New Procedures Making It Easy For You To Save

While the act has created lots of new rules and requirements for the emplyers, for most taxpayers, who are often employees, it helps secures their retirement savings.

401(k) Automatic Enrollment — Compared to the predominant “opt-in” 401(k) plan type, studies have shown dramatic increases in plan participation by employees in “opt-out,” or “automatic enrollment” plans. With this plan type, an employer is allowed to automatically enroll eligible employees in its 401(k) plan unless an employee affirmatively elects not to participate. Why would an employer choose this option? The same reason the employer decided to have a 401(k) plan in the first place. Studies have shown that employees who participate in workplace retirmement plans stay longer, therefore reducing costs related to turnovers. For workers, this could mean an extra nudge to save toward retirement.

Investment Advice — Effective after December 31, 2006, this provision creates an ERISA prohibited transaction exemption that will enable investment advice to be provided by a “fiduciary advisor,” who would otherwise be precluded from doing so as a “party-in-interest” for a plan.

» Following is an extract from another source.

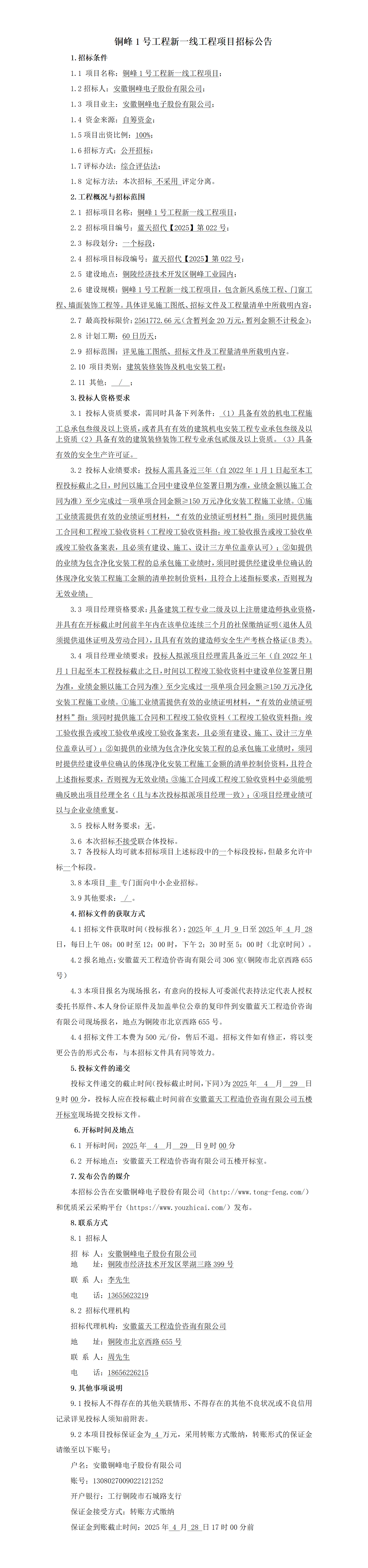 鍍膜輔助設備動力配電柜招標公告(補錄)

Direct Rollovers to Roth IRAs — Effective for distributions after December 31, 2007, direct rollovers of distributions from qualified plans, 403(b) plans, and governmental 457(b) plans to Roth IRAs will be allowed. Currently investors who wish to do a Roth rollover need to follow a two-step process a rollover to a traditional IRA and then a Roth conversion. The Act allows assets to be rolled directly to a Roth IRA.

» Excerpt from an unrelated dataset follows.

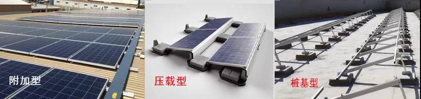 不同的屋頂安裝光伏組件的方法也不一樣,常見的安裝方式包括附加型、壓載型及樁基型。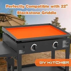 Details: BYKITCHEN Silicone Griddle Mat for 22 inch Blackstone Griddle, Blackstone Silicone Griddle Cover, Blackstone 22 Griddle Cover Lid, Black Stone Grill Cover for Blackstone Adventure Ready 22 Griddle, Flat Top Blackstone Accessories for 22 inch Griddle, All-season Use Outdoor Silicone Griddle Protective Blackstone Grill Cover Mat

Non-spouse Rollovers — Effective for distributions after December 31, 2006, non-spouse beneficiaries in a qualified plan, 403(b) or 457(b) plan are eligible to roll over to a beneficial IRA. This is great news for non-traditional families, as currently non-spouse significant others (for example, domestic partners) typically are forced to withdraw the entire amount as a lump sum and incur immediate taxes.

Direct Deposit of Tax Returns — Effective for taxable years beginning after December 31, 2006, the Act directs the Department of the Treasury to allow individuals to direct any portion of a refund to be paid directly to an IRA. In fact, taxpayers can opt to split their 2006 Federal income tax refunds with direct deposits into up to three different accounts, for example, a portin to their checking account, a portion to their IRA, and the rest to a Coverdell education savings account that they own.


According to recent economic reports from Washington, Americans' savings rate fell to a record low. Hopefully the reforms brought by the Pension Protection Act will encourage Americans to save more. Otherwise worries may lie ahead for Americans.

Article Last Updated: 09/12/2006

This material is provided for general and educational purposes only, and is not intended to provide legal, tax or investment advice. Individuals who wish to invest in retirement plans should contact their tax and financial advisors regarding their specific legal or tax situation.